Here are some photos of puppies I've rescued,

My dad is native so we go to this Indian reserve a lot, well unfortunatly there are many wild dogs that breed and breed because people don't fix their animals or they escape. It breaks my heart when I see dead dogs on the road, sometimes when we drive out we see puppies that are running around in horrible conditions or the people try to give them away for free ASAP becuse they can't afford to feed them. Starting this year my dad agreed I could take any puppies home so I could help and rehome them to good homes.

There are many stories to go along with the pups but for now here is one.
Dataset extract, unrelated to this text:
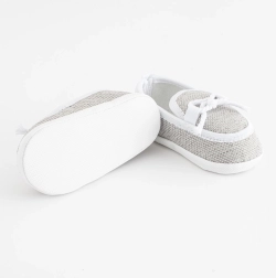 Disse elegante tøffelsko i mokkasin-stil fra New Baby imponerer med et moderne look og praktisk udførelse. Takket være den tætsiddende pasform bliver de godt på foden, og den rummelige indvendige plads giver naturlig udvikling af tæer og muskler. Den bløde og tynde PVC-ydersål uden BPA er ideel til kravlen, siddende leg og de første forsøg på at stå – ikke til gang.

The all black puppy in the 3rd photo first row (Spirit) was in the worst condition ever, I seen him running near the road with his mother. The owners did not care about feeding him, in fact they told me there was 12 puppies!! but they all died off. This puppy was skin and bones, it was the most horrible feeling trying to pick him up. He was covered in mites with patches of fur missing and on the way home he brought up God knows what and LARGE amounts of worms. His mother was part wolf from what the man told me, she was beautiful.

Thankfully he fully recovered and was adopted to an amazing home, the man who got ''Spirit'' had his pit bull recently pass away from brain problems at 5 years old. Spirit was very well trained and house broken with in the 3 weeks I had him, such a good boy he was. I miss him dearly. I'm tearing up thinking about him right now.

All puppies I rescued are dewormed and usualy given their first shots.

They are also let out to run in my backyard for many hours, lots of love given 24/7.

A LOT of work and no sleep, but in the end it's all worth it.


----------



## alphadoginthehouse (Jun 7, 2008)

It's a very good thing you are doing. Thanks for helping these poor babies.

They are all so cute...glad you could find them new homes.


----------



## Hershey (Mar 18, 2010)

You are an incredible person. Really! Thank the puppy heavens for people like you!

Thanks for sharing photos.


----------



## Sakima (Apr 8, 2010)

Thank you,

So far for the last 2 months no signs of any puppies.


----------



## Coffeecup (Mar 22, 2010)

It's a wonderful thing you are doing indeed. Makes me glad that there are people like you out there trying to help things. All of those pups are too cute. :]


----------